The analyst ... found that not all projects are cost-efficient. For example, the usual price in the auctions of reducing one metric ton of emissions is $12.73. Although some of the projects funded by auction proceeds are excellent deals, some cost more than ten times that sum to achieve the same result, according to the report.

The report, which can be downloaded here, includes a chart that shows the cost of greenhouse gas (GHG) reductions per project funded by the cap-and-trade program. It comes up with an average price per ton of $57, based on each program's projections for how many tons of GHG it will reduce.

The report then adds:

At the most recent auction in February 2016, cap-and-trade allowances sold for substantially less—about $13 per ton.

This sows confusion about cap-and-trade and its true costs. As explained in this earlier post, the cost of allowances in the auction have nothing to do with the cost of reducing a ton of carbon. It's disingenuous, at best, for the LAO to put these two statements together as if they were related, and unfortunately that's exactly how the Cal Matters article interprets them.
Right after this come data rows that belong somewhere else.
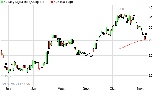 Mit dem Anstieg auf 27,60 EUR hat die Galaxy Digital-Aktie am 10.11.2025 die 100-Tage-Linie nach oben gekreuzt.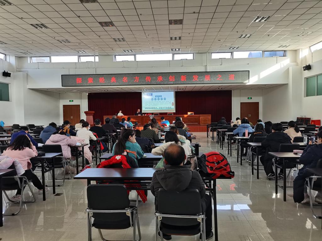 科研中心于11月24日邀请了黄河中医药研究所的吴守恭总工程师来校开展题为“探索经典名方传承创新发展之道”的讲座。吴工从事中药的研究、生产、管理近70年,主持开发了中药制剂量化分析软件,有着丰富的实践工作经验、刻苦的钻研精神,能够把传统的中医药研究和现代中药实验科学研究相结合并以经典名方为切入点精准研究智能化生产。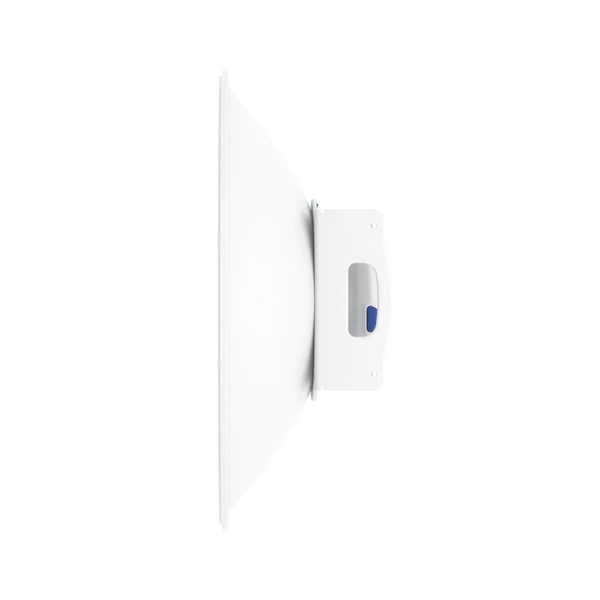 The UISP® Dish is a high-gain PtP antenna that provides ample coverage by utilizing a wide operating frequency range. With the included WaveGuide adapter, this antenna can be easily attached to an airFiber® 5XHD Radio (AF 5XHD) or airMAX® Rocket Prism® AC 5 GHz Radio (RP 5AC) to amplify their signal. The UISP Dish also has a latch on each side for secure, snap-in radio connection.

If smart people misread the statement to mean that the true cost of cutting greenhouse gas emissions is $13 per ton, it's the fault of the LAO report.
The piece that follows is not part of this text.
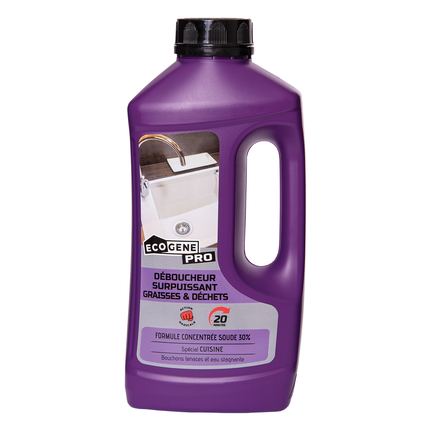 ECOGENE PRO Udrażniacz Kuchnia STRONG 1L to silny środek do udrożniania rur. Dzięki skoncentrowanej formule zawierającej 30% sody, radykalnie usuwa nagromadzony tłuszcz, resztki jedzenia i osady mydlane odpowiedzialne za zatykanie zlewu. Jest specjalnie opracowany, aby zwalczać uporczywe zatory i działać głęboko, nawet w przypadku stojącej wody w rurach kuchennych.

There are other problems with the LAO's strictly financial analysis. Its focus on the cost per ton of GHG reduction leaves out all the other investment benefits from the Greenhouse Gas Reduction Fund. Those “co-benefits” are required by a number of laws that accompanied A.B. 32, the Global Warming Solutions Act that forms the basis for cap-and-trade. The additional benefits include improving the economy, providing jobs, improving public health, and ensuring investments go to communities that have suffered disproportionately from climate problems.

Tim McRae, Senior Energy Director at the Silicon Valley Leadership Group, writes about one such co-benefit in the Mercury News: California's economy, which has benefited directly and indirectly from climate investments.
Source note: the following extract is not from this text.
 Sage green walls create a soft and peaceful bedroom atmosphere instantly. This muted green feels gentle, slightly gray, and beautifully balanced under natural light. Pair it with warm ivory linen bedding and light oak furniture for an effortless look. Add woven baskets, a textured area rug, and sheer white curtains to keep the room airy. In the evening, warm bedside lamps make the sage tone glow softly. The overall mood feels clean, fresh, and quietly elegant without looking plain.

By ascribing a price to emitting carbon pollution, AB 32 puts a cost on waste and inefficiency. Ten years after its passage, the wisdom of this approach is clear.

California is home to more clean technology venture capital than any other state: $27 billion since 2006, when AB 32 became law. More than 500,000 Californians comprise the state's clean energy economy, working on advanced technologies like biofuels and electric vehicles that place us in the vanguard.

And, he adds:

Last year, Bloomberg crowned California the best state in which to do business, in part due to our proactive approach to modern global challenges like climate change.

And while the auctions have slowed—whether due to uncertainty over the future of cap and trade or to other factors—

California's program is designed to withstand this ebb and flow. That's not what's important about the program, though. Driving the clean energy economy and driving down emissions is what's important.

That long-term credibility issue he mentions is real, as the current law expires in 2020 and there is disagreement about how to proceed. And at least some of that disagreement is fueled by misunderstanding the purpose of the program. Opponents of climate change policies and regulations on business are quick to take advantage of the confusion.

Assemblyman Adam Gray (D-Merced) recently penned an op-ed in the Modesto Bee calling cap-and-trade a “tragic return on our investment,” saying that

We should be implementing air quality improvement programs to clean up the air, but instead the Legislature and California Air Resources Board are fixated on lofty long-term greenhouse gas reduction programs.

We are missing an important opportunity to fund real priorities that need our immediate attention – like improving the Valley’s air quality and funding long overdue road maintenance and construction throughout the state.

This reads like a willful misunderstanding of the connections between bad air, transportation mode choices, and equitable, livable communities—all targets of cap-and-trade investments. Or Gray is misled by the LAO's focus on the cost effectiveness of each dollar spent per ton of GHG eliminated, thinking that is the only goal of the program.

And while he's right that transparency is important, any evaluation of cap-and-trade must account for more than just the cost per ton of emissions reduced.